I am delighted to be here this morning to help kick off Research Forum 2010— celebrating 85 years of Discovery, Innovation, and Advancement. The video we just watched eloquently depicts the incredible work that our R&D teams and Veteran Volunteers accomplish every day, and I congratulate Dr. Kupersmith and his team for producing such a compelling story of R&D’s role in caring for our nation’s Veterans. Frankly, this is a video that should go viral on YouTube. We need to share these stories with the rest of the nation and the world.
It is an honor to share this room with such a brain trust of research excellence. I am reminded of a quote of President Kennedy’s: “This is the most extraordinary collection of talent, of human knowledge, that has ever been gathered together, with the possible exception of when Thomas Jefferson dined alone.”
At this forum is a constellation of research stars whose work has illuminated the darkest corners of human suffering; has cast a bright light onto the stages of countless microscopes; and has revealed the pathways for some of medical science’s greatest achievements.
From Dr. Norenberg’s work in neuropathology and spinal cord injury therapies, to Dr. Weinman’s contributions to a better understanding of kidney functions; from Dr. Duckworth’s focus on insulin action, to Dr. Cushman’s studies of hypertension; from Dr. Kibbe’s groundbreaking work on nitric-oxide and vascular research, to Dr. Sox-Harris’s examination of addiction treatment; and from Dr. Goldstein’s development of ATHENA DSS, to Dr. Ruff’s leadership in stroke rehabilitation and TBI. The VA researchers we celebrate today embody the myriad questions, investigations, and discoveries arcing across the 85-year-wide landscape of Veterans healthcare.

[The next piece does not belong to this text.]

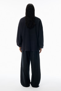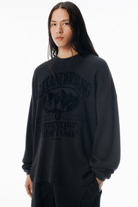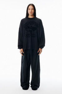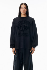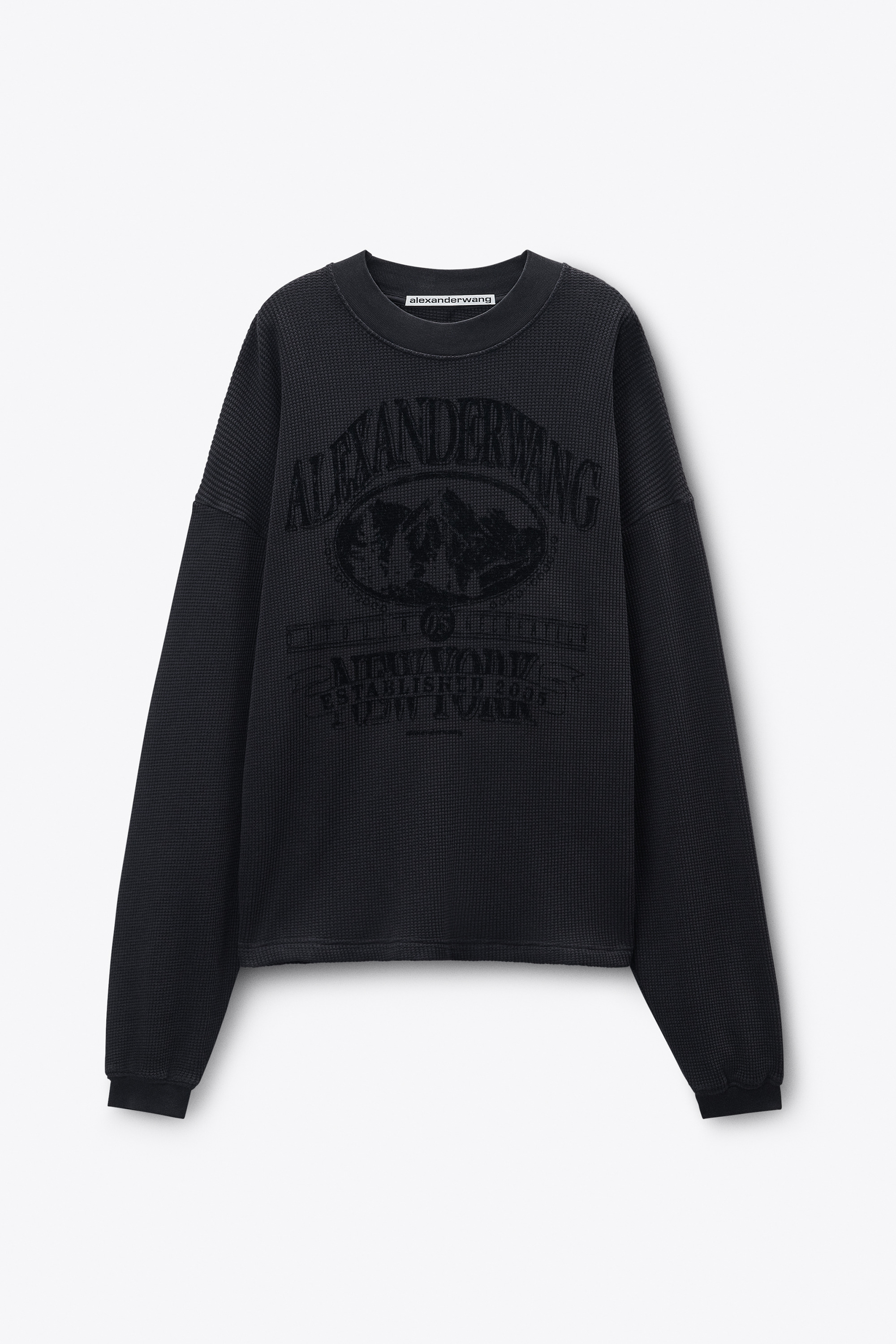 Oversized long sleeve T-shirt crafted in washed black waffle jersey with a boxy silhouette. Features ribbed cuffs and hem, and a seasonal outdoor recreation graphic at the chest. - unisex fit - crewneck - long sleeves - body composition: 100% cotton - oversized fit - female model is 5'11" and wears a size S - male model is 6'1" and wears a size m - made in Portugal - UCC4251861011 composition Body: 100%COTTON Rib: 98%COTTON/2%ELASTANE

I will be the first one to admit that most of what I just commended our researchers for is over my head; but then, VA medical research has a history of being over all our heads, literally.
On April 5th, the Space Shuttle carried to the International Space Station an experiment that may well have a major impact on the human immune system’s ability to help our aging Veterans fight off infections.
Perhaps I’d best let the words of the experiment’s designer, Dr. Millie Hughes-Fulford describe the mission’s goal: “Lowered resistance to infection is common in both the elderly and in astronauts. In both cases, the T-cell is thought to be key in fighting disease. This experiment on the International Space Station offers us a chance to look for new approaches in treating immunosuppression here on earth.”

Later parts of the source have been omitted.